In the past week-plus, the Lensic Performing Arts Center hosted two evenings that might conveniently fall under the rubric of world music: On March 23, Kodo, a drumming ensemble from Japan; and on March 26, Dervish, an Irish folk-music ensemble. They were wonderful, soul-filling evenings. In both cases, the performers hewed closely to “pure” traditions. As a result, both had a flavor of transporting listeners to a distant place rather than of super-imposing a foreign culture onto what would have been here already.
Kodo attracted a sold-out crowd, but Dervish did not, to my surprise. It was an engaged gathering all the same, and many in the audience clapped along or even added their voices now and again, as they were encouraged to do by Cathy Jordan, the group’s charismatic singer and master of ceremonies.
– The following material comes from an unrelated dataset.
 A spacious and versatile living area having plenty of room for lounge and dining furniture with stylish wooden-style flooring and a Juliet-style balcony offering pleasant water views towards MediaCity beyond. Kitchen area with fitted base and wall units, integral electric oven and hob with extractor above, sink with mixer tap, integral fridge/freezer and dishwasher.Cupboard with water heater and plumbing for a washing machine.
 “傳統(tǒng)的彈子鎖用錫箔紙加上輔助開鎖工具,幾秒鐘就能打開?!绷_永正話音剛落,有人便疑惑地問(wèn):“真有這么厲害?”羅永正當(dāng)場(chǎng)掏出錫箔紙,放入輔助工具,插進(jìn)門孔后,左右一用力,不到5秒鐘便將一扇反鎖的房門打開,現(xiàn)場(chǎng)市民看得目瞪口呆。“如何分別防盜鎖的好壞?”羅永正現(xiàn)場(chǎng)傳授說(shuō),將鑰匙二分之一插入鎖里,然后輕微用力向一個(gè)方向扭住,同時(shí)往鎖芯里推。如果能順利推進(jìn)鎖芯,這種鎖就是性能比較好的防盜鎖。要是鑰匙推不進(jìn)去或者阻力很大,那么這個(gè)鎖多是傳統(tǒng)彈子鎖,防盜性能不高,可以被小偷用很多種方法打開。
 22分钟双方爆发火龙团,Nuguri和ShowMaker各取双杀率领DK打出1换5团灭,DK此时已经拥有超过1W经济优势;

She doubled as percussionist (playing bodhrán and clappers) and was backed by five gentlemen playing in a fine blend of fiddle, flutes (including pennywhistle), mandola (tenor mandolin), bouzouki, and button accordion. The group was amplified more heavily than seemed necessary. The resultant increase in volume did not reach objectionable levels, but tonal delicacy eroded as part of the process and the balance was thrown awry, with the instruments sometimes overwhelming the singer. If Kodo’s music had been mostly about rhythm, that of Dervish was mostly melody, often intoned in unison (but with touches of individual ornamentation) by several performers, the tunes supported by simple harmonies and given out in repeated rhythms. But such melodies! The group’s repertoire is mostly drawn from folk music of the west coast of Ireland, and it wasn’t heavy on standard numbers, which kept listeners from lulling off into over-familiarity. Dervish collected some of the pieces directly from folk singers they encountered in the course of their travels and residencies. Jordan referred to one, “Eileen Óg (The Pride of Petravore),” as a music-hall song; indeed it would seem to be that, dating from about a hundred years ago, but the tune to which it was set, at least in this performance, followed the general contours of the other songs.
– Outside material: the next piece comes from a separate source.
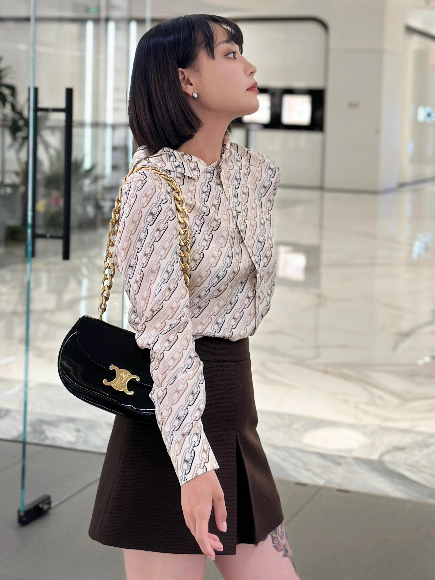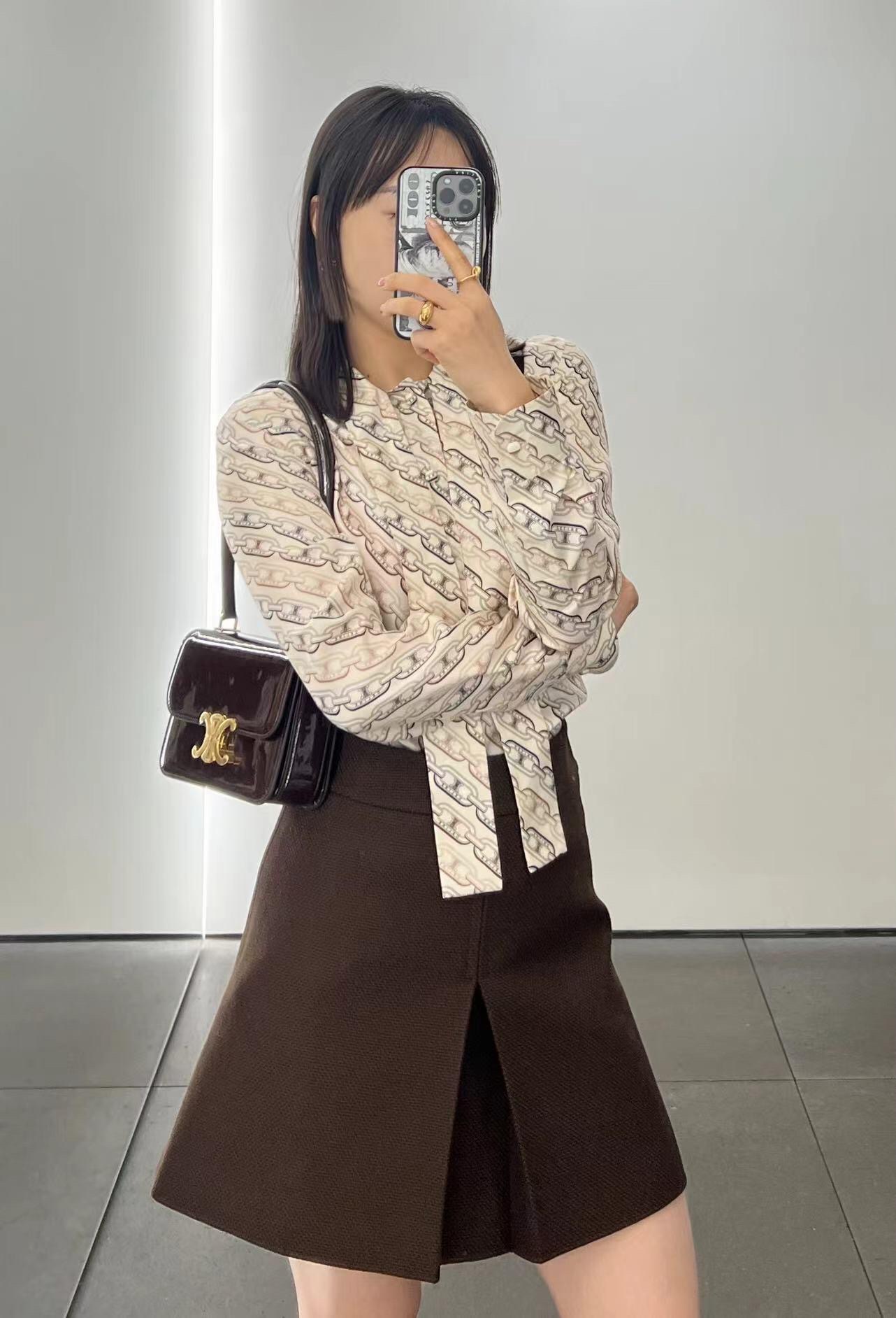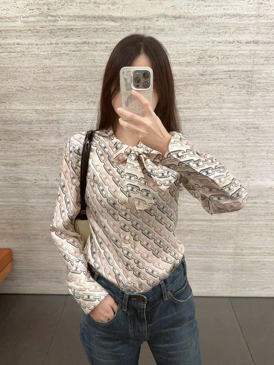 Celin* 24Fw秋冬新款 凯旋门链条印花长袖衬衫丨⚠独家高版出品!

This being Irish traditional music, the instrumental dances were toe-tapping. In contrast, the songs and ballads tended to exude mournfulness in their subject matter, although their tunes were often more chipper than the words. Our constant companions through the evening were soldiers separated from their wives, wives murdered by their husbands, children foisted off on the neighbors due to economic necessity — that sort of thing. Jordan related all the grim plots and tempered them with a wry commentary that revealed her to be a consummate master of the vaunted Irish craic, agreeable banter that made one think she’d be the kind of person with whom you’d enjoy being trapped in a stalled elevator.